Sunday, April 3, 2011

Dystopian Novel Journal 1: Topic A


Passage page 6: “The enormous room on the ground floor faced towards the north. Cold for all the summer beyond the planes, for all the tropical heat of the room itself, a harsh thin light glared through the windows, hungrily seeking some draped lay figure, some pallid shape of academic goose-flesh, but finding only the glass and nickel and bleakly shinning porcelain overalls of the workers were white, their hands gloved with a pale corpse colored rubber. The light was frozen, dead, a ghost. Only from the yellow barrels of the microscopes did it borrow a certain rich and living substance, lying along the polished tubes like butter, streak after luscious streak in long recession down the work tables. [...] Rams wrapped in theremogene beget no lambs.”

Based on this passage and used as a common theme during the book the factory described in the story Brave New World is a cold isolated place. By describing the light as frozen and dead it demonstrates the stillness of the factory and how there isn’t a lot of freedom. The color white and the pale descriptions show how cold and powerful the workers are. How everything is programmed and set to be a certain way and do certain things.
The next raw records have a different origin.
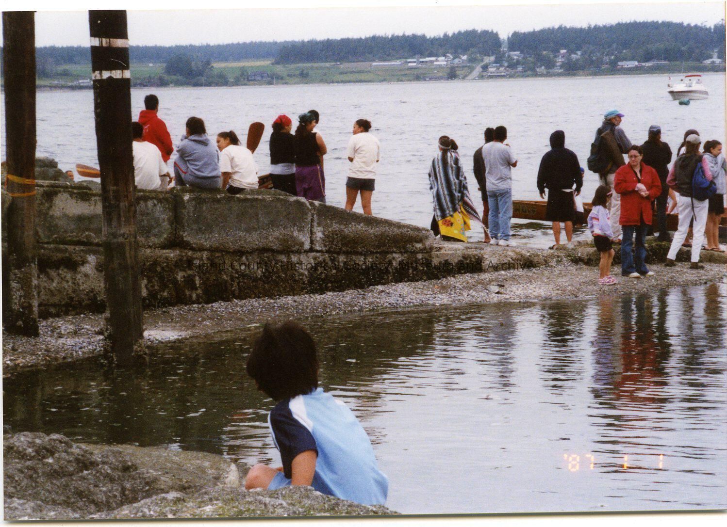 May 17, 2004 Coupeville Water Festival. At Coupe Park beach access. People on the boat ramp and a boy in a bllue shirt playing along the shore in the foreground. Launched a canoe. Chase boat in the background.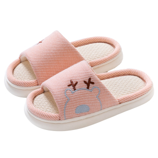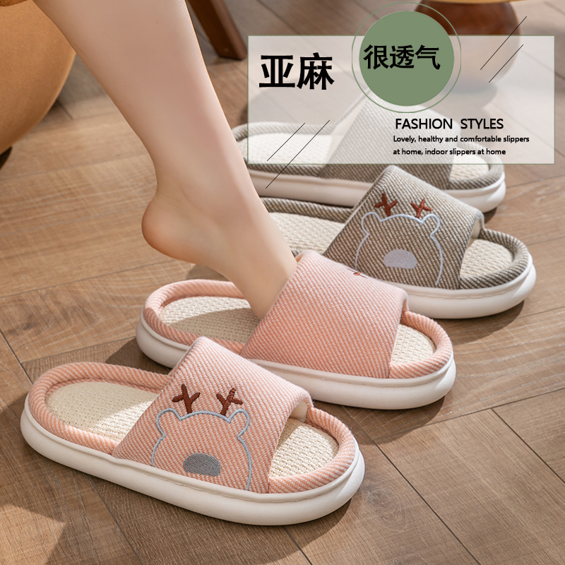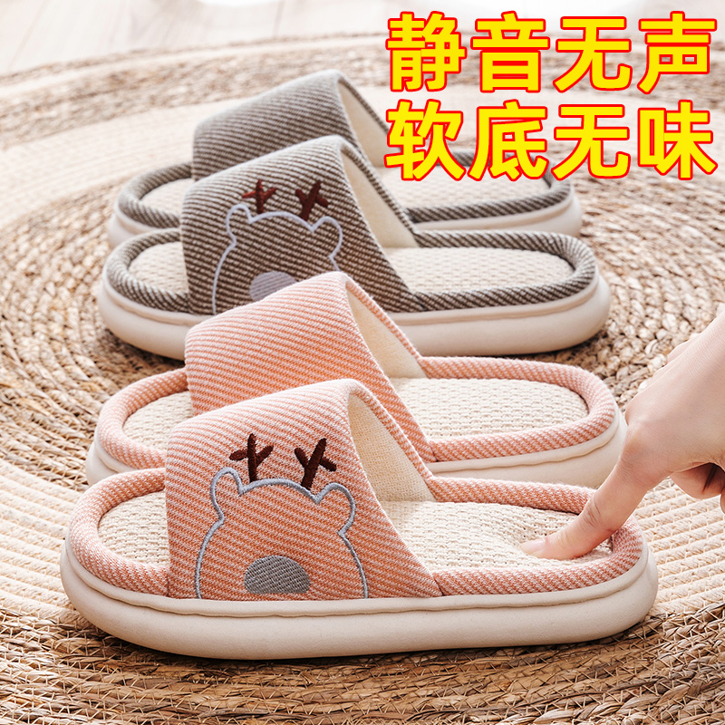 男 家居室内防滑厚底静音棉麻地板居家情侣家用四季 亚麻拖鞋 女夏季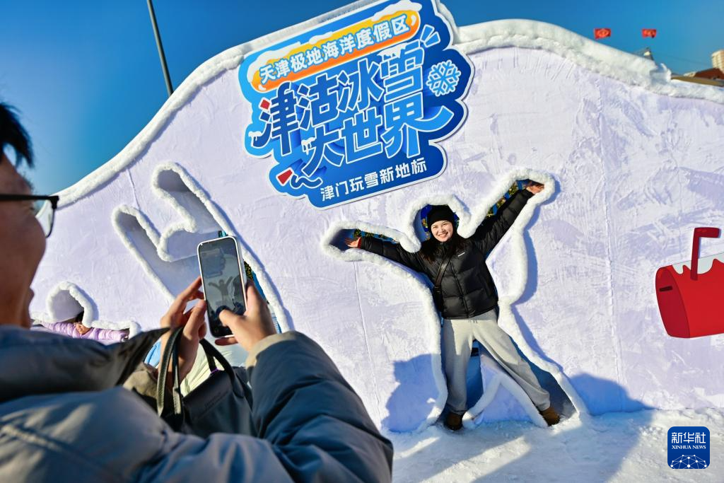 1月2日,游客在天津市滨海新区极地海洋度假区拍照打卡。新华社发(杜鹏辉摄)

Every thing is controlled by society and has a specific order in which things occur.  The difference between the people and the workers are substantial and described on color. The workers are described as cold colors such as whit and yellow. Consistent and Primary.  The real humans however are described as pink and warm. They have real life to them and are able to function for themselves and think for themselves before they become involved with the factory. Based on just this first passage we can see the order of society portrayed in this novel.